Output exactly, and only, the lines below from the one with "Needzo Sacred Heart" down to the one with "1 杯檸檬汁、1 杯姜汁、1 杯大蒜汁、1 杯蘋果醋". Include both end lines and no pictures.

### [RAW DATA]
|---|

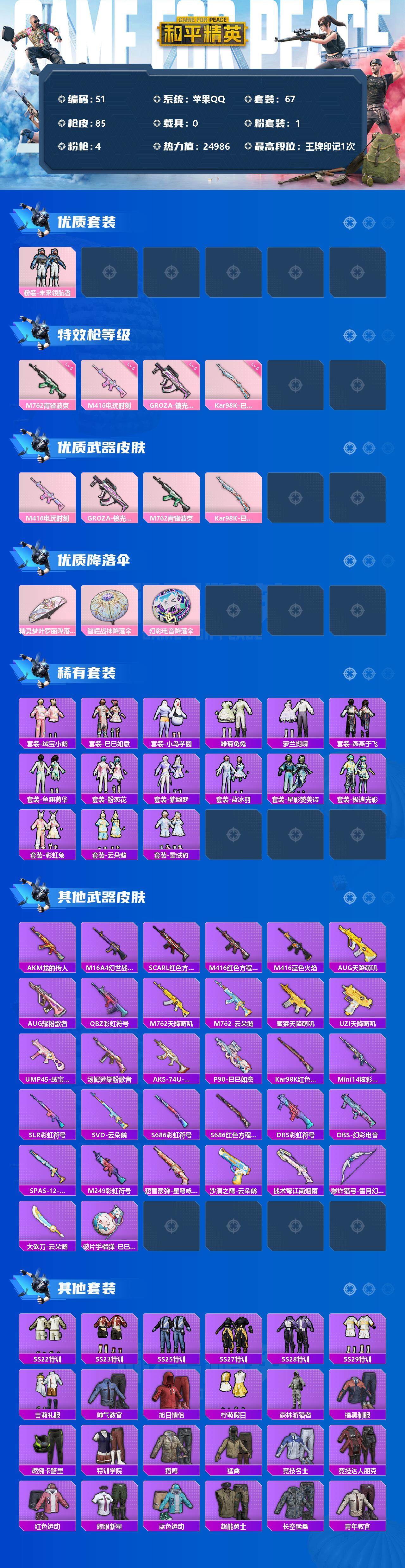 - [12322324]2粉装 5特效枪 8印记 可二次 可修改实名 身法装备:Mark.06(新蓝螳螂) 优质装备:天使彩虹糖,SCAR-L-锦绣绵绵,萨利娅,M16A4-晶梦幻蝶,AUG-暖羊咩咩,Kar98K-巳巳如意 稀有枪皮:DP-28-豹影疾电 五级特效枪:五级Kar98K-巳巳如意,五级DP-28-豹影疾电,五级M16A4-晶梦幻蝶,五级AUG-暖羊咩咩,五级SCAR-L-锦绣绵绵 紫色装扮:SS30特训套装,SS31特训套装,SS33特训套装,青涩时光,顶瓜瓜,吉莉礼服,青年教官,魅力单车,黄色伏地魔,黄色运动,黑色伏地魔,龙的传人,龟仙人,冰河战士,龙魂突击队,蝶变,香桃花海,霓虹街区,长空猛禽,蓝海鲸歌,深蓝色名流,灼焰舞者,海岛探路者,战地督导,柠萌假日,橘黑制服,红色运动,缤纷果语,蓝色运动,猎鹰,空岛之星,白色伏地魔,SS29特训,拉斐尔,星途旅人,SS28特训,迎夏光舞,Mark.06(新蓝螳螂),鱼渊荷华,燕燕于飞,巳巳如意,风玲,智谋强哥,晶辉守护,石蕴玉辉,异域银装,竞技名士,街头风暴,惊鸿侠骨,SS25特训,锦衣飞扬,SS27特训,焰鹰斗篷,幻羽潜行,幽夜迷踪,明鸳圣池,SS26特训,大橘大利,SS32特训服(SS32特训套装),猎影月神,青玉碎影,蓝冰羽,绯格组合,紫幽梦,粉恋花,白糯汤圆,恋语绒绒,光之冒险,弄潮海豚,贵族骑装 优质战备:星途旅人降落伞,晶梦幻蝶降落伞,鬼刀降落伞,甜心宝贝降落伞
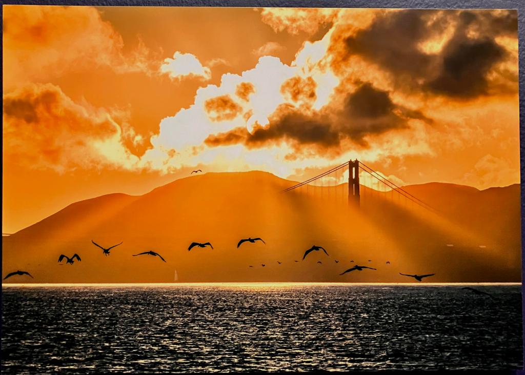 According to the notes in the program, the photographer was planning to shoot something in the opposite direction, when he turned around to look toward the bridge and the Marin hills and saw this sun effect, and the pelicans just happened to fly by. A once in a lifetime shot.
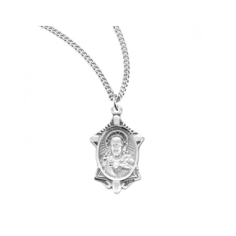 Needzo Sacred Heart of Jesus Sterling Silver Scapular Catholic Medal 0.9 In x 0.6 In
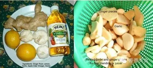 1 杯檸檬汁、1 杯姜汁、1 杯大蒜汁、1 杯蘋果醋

|---|

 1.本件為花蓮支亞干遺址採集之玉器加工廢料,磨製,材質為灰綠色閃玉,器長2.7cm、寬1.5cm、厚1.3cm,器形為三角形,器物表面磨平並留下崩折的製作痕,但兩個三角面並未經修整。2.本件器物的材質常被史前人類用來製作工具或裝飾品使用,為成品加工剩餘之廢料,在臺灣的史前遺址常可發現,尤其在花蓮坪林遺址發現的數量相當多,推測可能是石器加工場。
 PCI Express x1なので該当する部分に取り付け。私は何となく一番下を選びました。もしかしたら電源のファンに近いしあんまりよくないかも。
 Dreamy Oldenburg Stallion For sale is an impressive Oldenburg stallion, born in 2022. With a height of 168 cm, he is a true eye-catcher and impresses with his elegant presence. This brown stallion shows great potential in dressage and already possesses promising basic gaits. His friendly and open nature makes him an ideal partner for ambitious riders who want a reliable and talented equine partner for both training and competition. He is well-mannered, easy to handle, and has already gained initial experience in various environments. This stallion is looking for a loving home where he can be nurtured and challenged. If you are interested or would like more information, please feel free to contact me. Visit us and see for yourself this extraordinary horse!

|---|

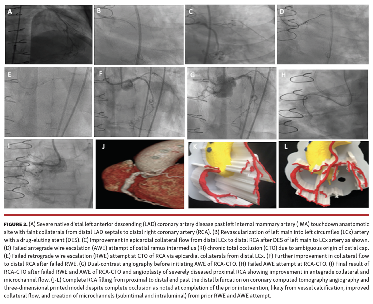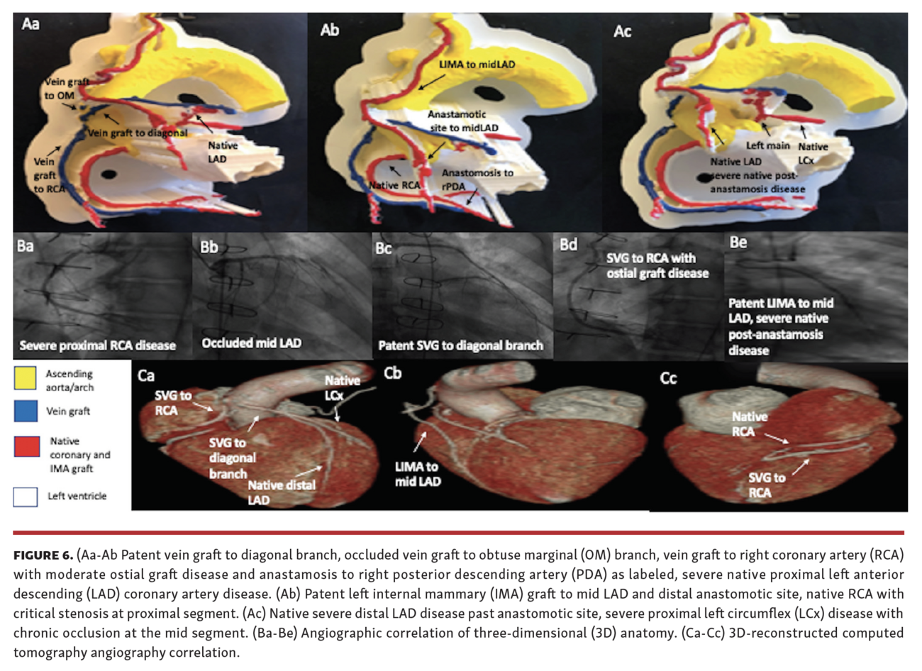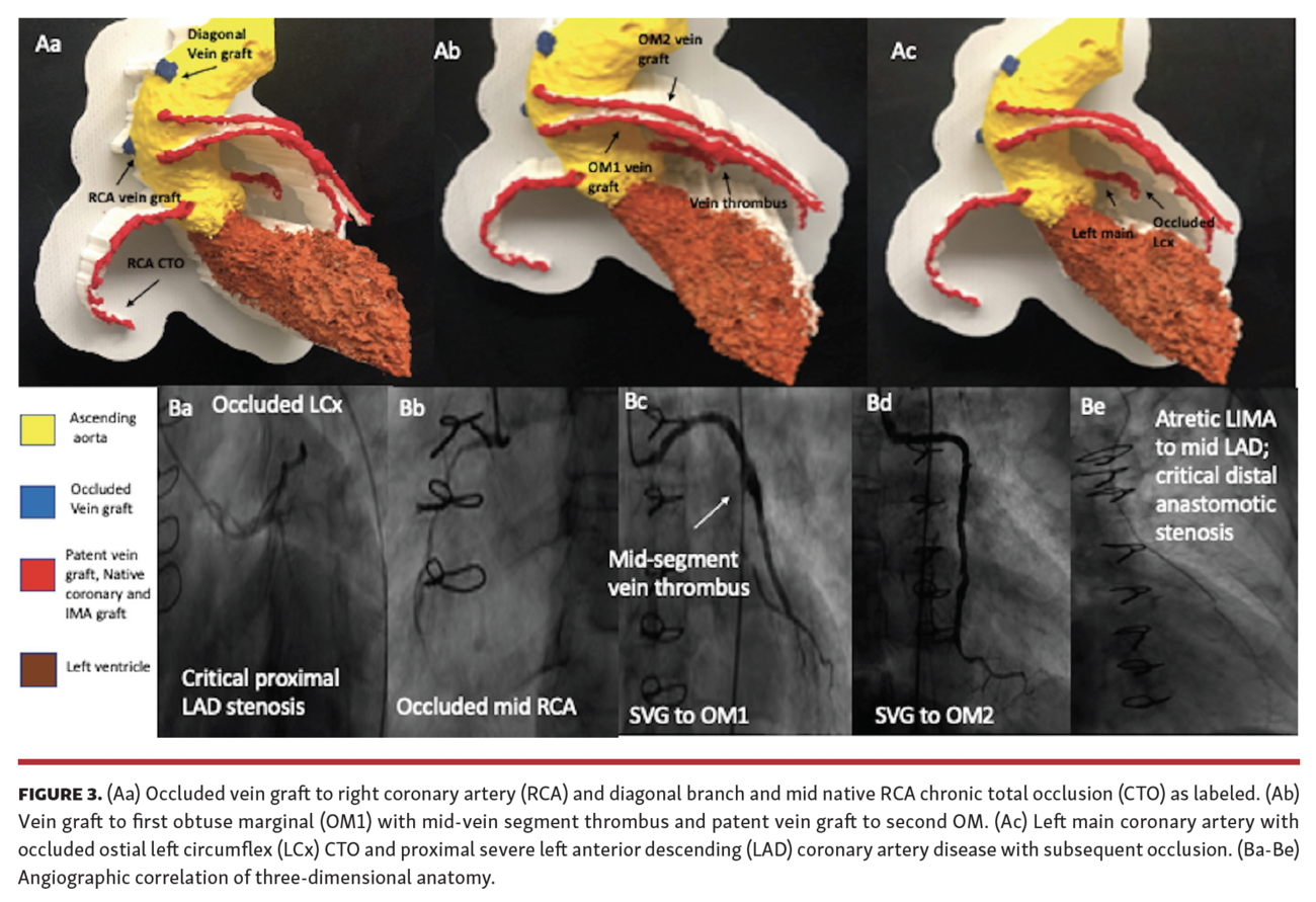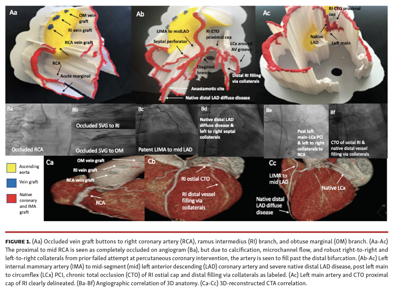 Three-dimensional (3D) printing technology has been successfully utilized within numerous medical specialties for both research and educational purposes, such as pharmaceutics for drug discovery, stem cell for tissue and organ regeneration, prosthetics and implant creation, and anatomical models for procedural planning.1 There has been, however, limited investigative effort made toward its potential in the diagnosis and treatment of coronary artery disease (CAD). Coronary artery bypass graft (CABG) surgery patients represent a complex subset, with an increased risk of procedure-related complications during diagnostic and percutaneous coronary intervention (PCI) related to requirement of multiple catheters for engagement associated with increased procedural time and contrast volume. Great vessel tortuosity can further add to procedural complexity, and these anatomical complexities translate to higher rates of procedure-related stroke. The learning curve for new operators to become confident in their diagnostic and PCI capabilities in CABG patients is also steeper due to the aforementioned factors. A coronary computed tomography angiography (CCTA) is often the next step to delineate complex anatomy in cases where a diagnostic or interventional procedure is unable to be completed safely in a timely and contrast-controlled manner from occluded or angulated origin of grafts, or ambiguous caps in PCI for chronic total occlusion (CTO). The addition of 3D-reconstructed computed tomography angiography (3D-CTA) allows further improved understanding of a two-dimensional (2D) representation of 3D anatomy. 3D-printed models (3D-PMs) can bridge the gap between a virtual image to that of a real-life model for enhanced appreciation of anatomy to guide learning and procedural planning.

|---|

### [TASK OUTPUT]
 Needzo Sacred Heart of Jesus Sterling Silver Scapular Catholic Medal 0.9 In x 0.6 In
 1 杯檸檬汁、1 杯姜汁、1 杯大蒜汁、1 杯蘋果醋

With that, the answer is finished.